I do not know precisely why Matt Zwolinski thinks comparing “cultivated Englishmen” to “Hottentots” is “unfortunately racist,” but I guess it is the “cultivated” part. And this is simply an error. If you think it is racist to acknowledge cultural differences between a modal Englishman and a modal Khoikhoi, or “most Englishmen” compared to “most Hottentots,” then I am not sure what to say further. It is just a category error.

What this seems to indicate, though, is something quite common among the young, these days. It was certainly not unheard of among the old when I was a child — I remember a great aunt of mine speaking this sort of offense-taking nonsense back in the 1960s — but it is especially common now. And it has a genealogy:

  1. Racism is bad.
  2. I have been trained to react negatively to anything smacking of racism.
  3. Talk of “race” itself reminds me of racism.
  4. Therefore: this mention of race is itself racist!

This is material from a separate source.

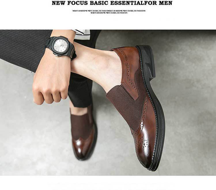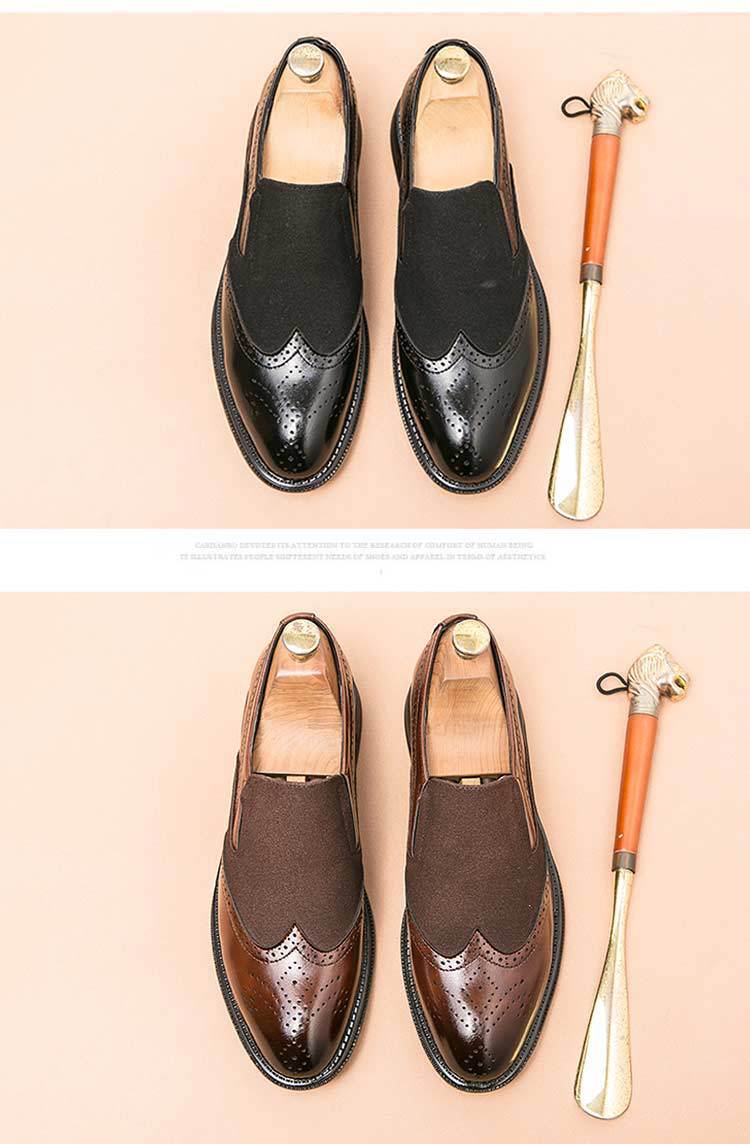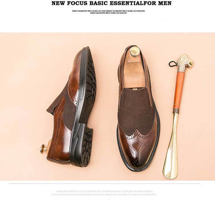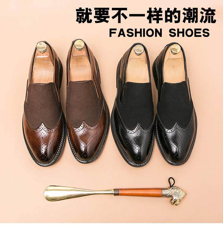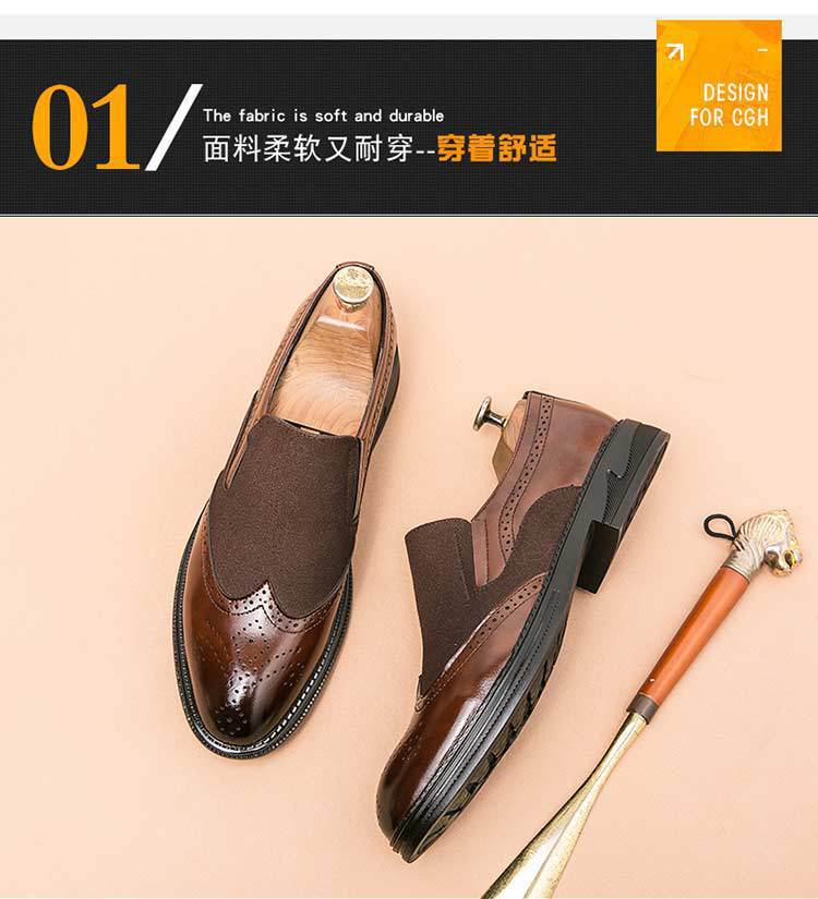 Bloc zapatos de cuero para hombres tallado flores británicos negocios ocio suela gruesa elevación de un pedal peluquería punta zapatos de moda Lefour

This can best be described as the thinking of lazy minds. It happens all the time with “sexism,” too. I have heard people say that rape is sexist. That pornography is sexist. That . . . well, you get the idea. But  just because rape has something to with sex, and is bad, does not mean that it is sexist. Sexism does not encompass all the bad things that relate to sex.

To believe that it does mean this? It is to not really understand how language works. It is to lose track of definitions, and think that any association of ideas that pops into one’s precious little head warrants some drastic identity.

My interpretation of this passage runs like this: Matt Zwolinsky read the comparison between Englishmen and Khoikhoi; it made him uncomfortable; therefore: “unfortunate racism”!

I will not try to make a similar mistake by taking my annoyance with this one error and imputing it to the rest of the essay.

All I am going to do is let it stop me from reading the rest of it tonight. Stay tuned for further discussion of this important subject — and what I hope will prove to be an important essay, regardless of Zwolinski’s infelicitous misattribution of racism to this one statement by William Graham Sumner.